This is a simple exercise for those interested in contributing to erlide. Say that you find a bug in erlide, or decide to fix an existing bug reported in our ticket tracker. I’m assuming that the bug is in the main branch of the project, master. Assuming that you have read Working with Git and are ready to start hacking on your forked repository, let’s get started:

cd erlide
git checkout master
git pull origin
git pull upstream master

What you’ve done here is to check out the master branch and to make sure that you have all the latest changes from both your forked repository on GitHub and from the erlide project’s upstream repository. Now you’re ready to fix the bug. All you have to do is create a new branch and start hacking:

git checkout -b #1449

This command creates a new local branch named “#1449” and checks it out. I’ve named it as such for the bug number. And I say “local branch” because it only exists in the local repository; think of it as a working branch to be used just for the duration of fixing the bug. So now, go ahead and fix it! As you work, commit early and commit often. You can use git add to add one or more files to commit and then commit them:

git add path/to/file.java
git commit -m 'Fixed typo in `file.java`.'

Or, to commit all your current changes at once, just use git commit -a:

git commit -am 'Removed the `id` field.'

Note that you can use GitHub-Flavored Markdown in your commit messages and they’ll be nicely formatted on the site. Also, we strongly recommend that you write Git-preferred commit messages, as they will really help you to review older commits in the future.
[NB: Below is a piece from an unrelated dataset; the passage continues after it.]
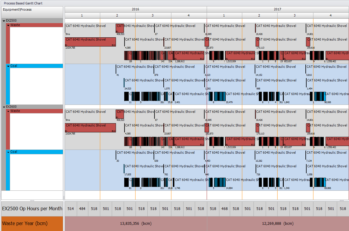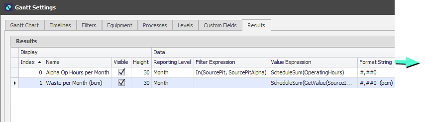 Use the Results tab of the Gantt Settings window to present rows of results at the bottom of your Gantt Chart split by Reporting Period, such as Operating Hours, Source Quantity and Value Custom Fields.

Also, there are some great tutorials and howtos out there, so check them out for more on day-to-day use of Git. Overall, you’ll want to commit in lots of small commits rather than one big final commit, so that you can easily go back and change things if you need to.

Oh, and don’t forget to add a note to CHANGES and commit that, too!

git add CHANGES
git commit -m 'Give credit where credit is you.'

When you’re done, the bug is fixed, and all tests pass, make sure everything is committed and then merge your changes back into master:

git checkout master
git merge 1449
git branch -d 1449

Great! You’ve merged all the changes from your branch, and dropped the branch since it’s no longer needed (all of the commits from the branch were played back into master, just as if you’d committed them there). Sure, for a simple bug fix you probably could have stayed in master. But with Git it’s just as easy to create a working branch for a single bug and work on it there, and only merge it back into master when you’re done, so that you keep things well compartmentalized.

So far, all of your changes have been made to your local clone of your repository. Now it’s time to push them upstream to your fork on GitHub. Doing so is easy:

git push origin master

Now your own fork has the changes on GitHub, free to be pulled in by anyone else who has cloned your fork. But your aim, of course, is to get the bug fix into the project repository. Chances are good that a project administrator will see your bug fix merges sooner or later and simply pull them in.

But if you’d like to alert them to the fix so that they pull it in sooner rather than later, hit the home page for your fork of the project and click the button. This will open up a lightbox window in which you can type up a message to the project administrators, perhaps something like:

Fellow Erliders,

I’ve fixed Bug #1449 in my fork. As you know, this is a particularly insidious bug that has effected a lot of our user base. I think it’d be worthwhile to pull it into the project repository in order to get it into the next release of erlide.

Thanks!

Be sure that the checkbox next to “erliders” is checked and then hit the “Send Pull Request” button. There, you’re done.

Thank you for your contribution, we greatly appreciate it. And we hope you enjoy hacking on erlide on GitHub.